Solved: Check if the values of multiple columns of one dataset are in multiple...

kcsb · Posted 09-05-2023 12:56 PM

I have columns HAC1 to HAC14 in df1 and columns DX1 to DX10 in df2. I do not want to merge df1 and df2 together. I want to check if any value from any rows of the column HAC1 is present in Row 1 of the columns DX1 to DX10. Create a new column called H1 in df2 and assign the value as 1 if any value from any rows of the column HAC1 is present in Row 1 of the columns DX1 to DX10 and 0 if the value is absent and go to HAC2. Check if any value from any rows of the column HAC2 is present in Row 1 of the columns DX1 to DX10. Create a new column called H2 in df2 and assign the value as 1 if any value from any rows of the column HAC2 is present in Row 1 of the columns DX1 to DX10 and 0 if the value is absent and go to HAC3. Continue the same process till HAC14.Then repeat the entire process for Row 2 of columns DX1 to DX10 and keep adding 1 or 0 to the created variables H1 to H14. Continue the entire process for n rows of df2. I have tried this: data df2; set df2; array H{14} H1-H14; do i =1 to 14; H{i} =0; end; do index =1 to _n_; flag =0; set df1; array HAC{14} HAC1-HAC14; do i=1 to 14; set df2; array DX{10} DX1-DX10; do j =1 to 10; if DX{j}=HAC{i} then do; flag=1; leave; end; end; H{i}=flag; end; output; end; run;

Ksharp · Posted 09-06-2023 08:03 AM

data df1;
input (HAC1 HAC2 HAC3 HAC14) ($);
cards;
T81500A T800XXA L89003 I2602
T81501A  NaN    L89004 I2692
T81502A  NaN    NaN    182401
NaN      NaN     NaN   12699
;

data df2;
input (DX1 DX2 DX10) ($);
cards;
I639    L89004  12602
T81500A T81502A R0789
I2692   I2602   Z8541
G8321   L89004  110
;

/*The first way is using Hash Table*/
data want;
if _n_=1 then do;
  if 0 then set df1;
  declare hash ha1(dataset:'df1');
  ha1.definekey('HAC1');
  ha1.definedone();
  declare hash ha2(dataset:'df1');
  ha2.definekey('HAC2');
  ha2.definedone();
  declare hash ha3(dataset:'df1');
  ha3.definekey('HAC3');
  ha3.definedone();
  declare hash ha14(dataset:'df1');
  ha14.definekey('HAC14');
  ha14.definedone();
end;
set df2;
array h{*} h1 h2 h3 h14;
do i=1 to dim(h);
  h{i}=0;
end;
array d{*} $ DX1 DX2 DX10;
do i=1 to dim(d);
  if ha1.check(key:d{i})=0 then h1+1;
  if ha2.check(key:d{i})=0 then h2+1;
  if ha3.check(key:d{i})=0 then h3+1;
  if ha14.check(key:d{i})=0 then h14+1;
end;
drop i HAC1 HAC2 HAC3 HAC14;
run;


/*The second way is using SAS/IML*/
proc iml;
use df1;
read all var _all_ into df1[c=vname1];
close;
use df2;
read all var _all_ into df2[c=vname2];
close;
h1=j(nrow(df2),1,0);
h2=j(nrow(df2),1,0);
h3=j(nrow(df2),1,0);
h14=j(nrow(df2),1,0);
do i=1 to nrow(df2);
 h1[i]=sum(element(df2[i,],df1[,1]));
 h2[i]=sum(element(df2[i,],df1[,2]));
 h3[i]=sum(element(df2[i,],df1[,3]));
 h14[i]=sum(element(df2[i,],df1[,4]));
end;
create temp var {h1 h2 h3 h14};
append;
close;
quit;
data want;
 merge df2 temp;
run;

View solution in original post

ballardw · Posted 09-05-2023 01:31 PM

SAS uses variables to reference things. You cannot "add variables" to a data set. That change replaces a data set and best not to try as you can lose the data you have.

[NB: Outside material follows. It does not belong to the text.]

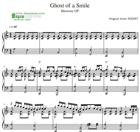 和谐 Harmony OP Ghost of a smile 钢琴谱
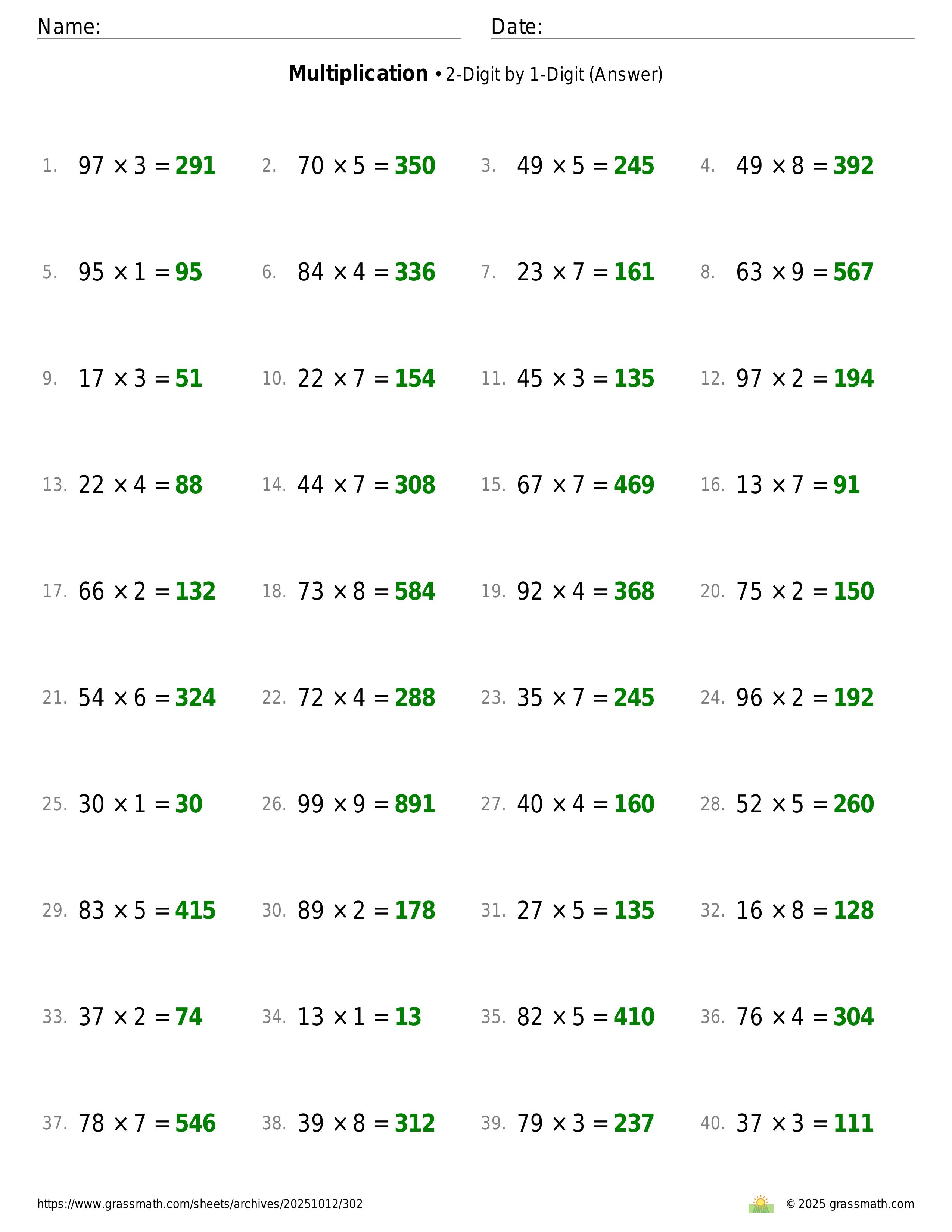 Multiplication 2-Digit by 1-Digit

How do you expect to do something with two data sets without some sort of combining them?

Since you used code like this you have already altered your data Df2 and may not be at all representative of your original data set. Multiple SET statements have complex interactions.

data df2;
 set df2;
 array H{14} H1-H14;
 do i =1 to 14;
 H{i} =0;
 end;
 do index =1 to _n_;
 flag =0;
 set df1;
 array HAC{14} HAC1-HAC14;
 do i=1 to 14;
 set df2;
 array DX{10} DX1-DX10;
 do j =1 to 10;
 if DX{j}=HAC{i} then do;
 flag=1;
 leave;
 end;
 end;
 H{i}=flag;
 end;
 output;
 end;
 run;

When developing code it best not to use the same data set name as the result data as one of the sets on a Set or Merge statement as that 'new' set completely replaces the old one.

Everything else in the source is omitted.